The value of ${{\tan }^{-1}}1+{{\tan }^{-1}}2+{{\tan }^{-1}}3$ is
(a) 0
(b) 1
(c) $\pi $
(d) $-\pi $

Answer 1

Hint: Use the inverse trigonometric formula ${{\tan }^{-1}}x+{{\tan }^{-1}}y=\pi +{{\tan }^{-1}}\left( \dfrac{x+y}{1-xy} \right)$ if $xy>1$ and ${{\tan }^{-1}}\left( -x \right)= -{{\tan }^{-1}}x$ to simplify the given expression. Cancel out the common terms to calculate the exact value of the given trigonometric expression.

Complete step by step answer:
We have to calculate the value of ${{\tan }^{-1}}1+{{\tan }^{-1}}2+{{\tan }^{-1}}3$. We will simplify the given expression using the trigonometric identity.

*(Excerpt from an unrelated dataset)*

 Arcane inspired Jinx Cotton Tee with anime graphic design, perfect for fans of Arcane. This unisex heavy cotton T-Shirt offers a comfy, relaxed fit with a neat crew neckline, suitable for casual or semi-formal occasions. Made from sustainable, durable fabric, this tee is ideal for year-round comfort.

We know the trigonometric identity for the inverse of tangent function ${{\tan }^{-1}}x+{{\tan }^{-1}}y=\pi +{{\tan }^{-1}}\left( \dfrac{x+y}{1-xy} \right)$ if $xy>1$.

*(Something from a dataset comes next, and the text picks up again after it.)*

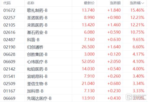 生物医药股涨幅居前,歌礼制药涨超15%,圣诺医约、来凯医药、基石药业等跟涨。

Substituting $x=1,y=3$ in the above formula, we have ${{\tan }^{-1}}1+{{\tan }^{-1}}3=\pi +{{\tan }^{-1}}\left( \dfrac{1+3}{1-1\times 3} \right)$ as $1\times 3=3>1$.

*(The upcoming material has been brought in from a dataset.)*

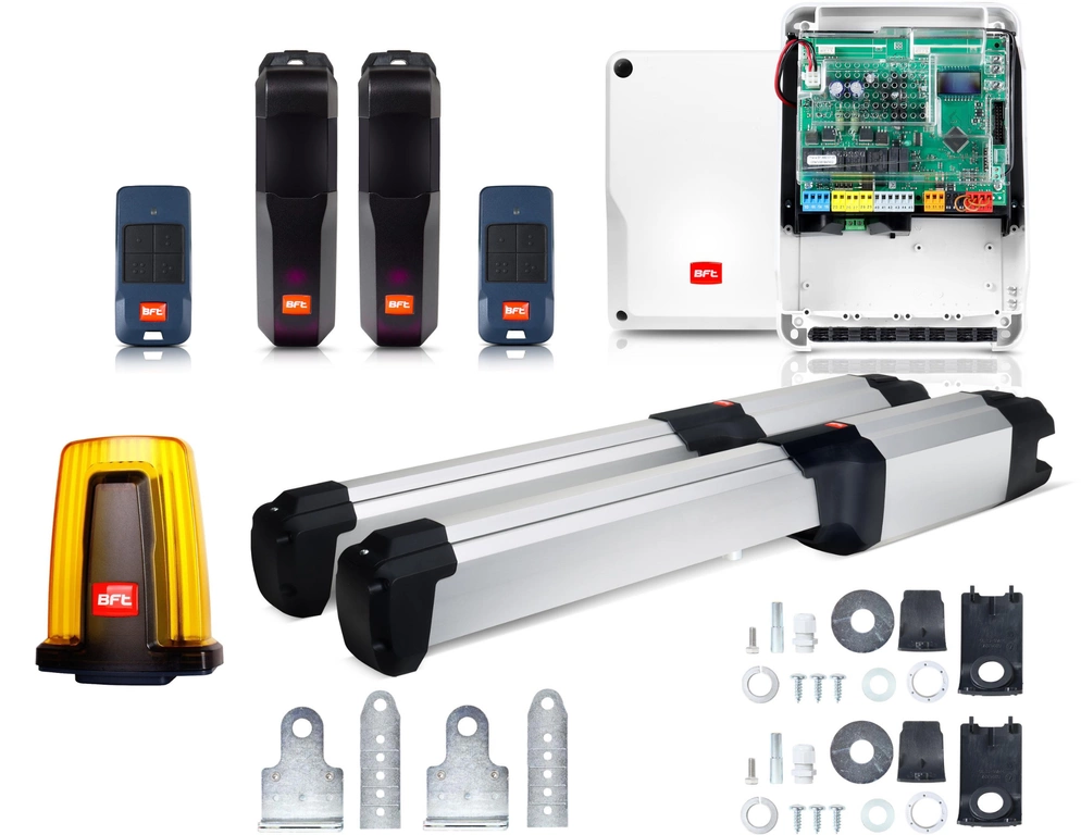 Kit d'automatisation com-pLetable BFT pour portails battants jusqu'à 2,5 m par vantail. Inclus : opérateurs PHOBOS BT B25, centrale THALIA BT A80 DUO, photocellules, télécommandes MITTO et lampe à LED Radius BFT avec antenne.

Simplifying the above expression, we have ${{\tan }^{-1}}1+{{\tan }^{-1}}3=\pi +{{\tan }^{-1}}\left( \dfrac{1+3}{1-1\times 3} \right)=\pi +{{\tan }^{-1}}\left( \dfrac{4}{1-3} \right)=\pi +{{\tan }^{-1}}\left( \dfrac{4}{-2} \right)=\pi +{{\tan }^{-1}}\left( -2 \right).....\left( 1 \right)$.
Using equation (1), we can rewrite the given trigonometric expression as ${{\tan }^{-1}}1+{{\tan }^{-1}}2+{{\tan }^{-1}}3={{\tan }^{-1}}2+\pi +{{\tan }^{-1}}\left( -2 \right).....\left( 2 \right)$.
We know the trigonometric identity ${{\tan }^{-1}}\left( -x \right) = -{{\tan }^{-1}}x$.
Substituting $x=2$ in the above equation, we have ${{\tan }^{-1}}\left( -2 \right)=-{{\tan }^{-1}}2.....\left( 3 \right)$.
Substituting equation (3) in equation (2), we have ${{\tan }^{-1}}1+{{\tan }^{-1}}2+{{\tan }^{-1}}3={{\tan }^{-1}}2+\pi +{{\tan }^{-1}}\left( -2 \right)={{\tan }^{-1}}2+\pi -{{\tan }^{-1}}2$.
Simplifying the above expression, we have ${{\tan }^{-1}}1+{{\tan }^{-1}}2+{{\tan }^{-1}}3={{\tan }^{-1}}2+\pi -{{\tan }^{-1}}2=\pi $.
Hence, the value of the trigonometric expression ${{\tan }^{-1}}1+{{\tan }^{-1}}2+{{\tan }^{-1}}3$ is $\pi $, which is option (c).
Trigonometric functions are real functions that relate any angle of a right-angled triangle to the ratios of any two of its sides. The widely used trigonometric functions are sine, cosine, and tangent. However, we can also use their reciprocals, i.e., cosecant, secant, and cotangent. We can use geometric definitions to express the value of these functions on various angles using unit circle (circle with radius 1). We also write these trigonometric functions as infinite series or as solutions to differential equations. Thus, allowing us to expand the domain of these functions from the real line to the complex plane.

Note: One must be careful while using the inverse trigonometric formula ${{\tan }^{-1}}x+{{\tan }^{-1}}y=\pi +{{\tan }^{-1}}\left( \dfrac{x+y}{1-xy} \right)$ if $xy>1$ as the formula shows different natures for different values of xy. We can also solve this question by calculating the value of each of the terms and then substituting it in the given expression.